Выбрать главу

Еще на суде меня обожгло отношение ко мне людей: ненависть, презрение, гадливость, насмешки... Сначала всё было нормально. Хотя сидели в зале все свои, сельские, но мало кто знал подробности события. Я не мог ни с кем об этом говорить. Я целыми днями сидел дома (даже в школу перестал ходить) и только и делал, что выворачивался из себя чулком от стыда и тоски. На следствии я многого не договаривал, мямлил, что случайно в саду оказался, что не успел помочь и всё в таком духе. А вот тут, на суде, вдруг решил, что мне надо покаяться. Перед народом покаяться в своей трусости, и тогда, думалось, я перешагну этот проклятый барьер, тогда я смогу наконец взглянуть в глаза людям и, главное, Козлу. На него я вообще смотреть не мог, как ни насиловал себя.
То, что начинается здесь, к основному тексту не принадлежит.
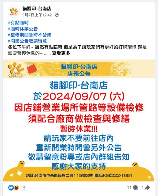 九月初台南店臨時發出店鋪檢修公告,重新營業時間另行告知

И я начал каяться. Правда, я почему-то начал не с топора, а с самого трудного:

- Я л-л-любил Л-л-люсю...

Я смотрел в пол и выдавливал мучительно, как дурную кровь из раны, слово за словом. "Только не надо про розовое на белом, не надо!" - билось в виске... Но я и про это рассказал. И вот когда должно было нахлынуть так страстно ожидаемое облегчение, я глянул в зал, и всё во мне надломилось...

Я понял в ту же минуту, что в селе мне не жить, и потому на следующий день уехал в краевой центр. пошёл работать на стройку, копал поначалу землю (да мне и всё равно было - землю копать, гвозди ли заколачивать или деньги фальшивые печатать), поселили меня в общагу. Сперва приставали и в бригаде, и соседи по комнате, на знакомство набивались, потом бросили. Я знал, что они меня Заикой и Черным Ящиком окрестили, - плевать! Я молчал. Не до них было. Тут это началось.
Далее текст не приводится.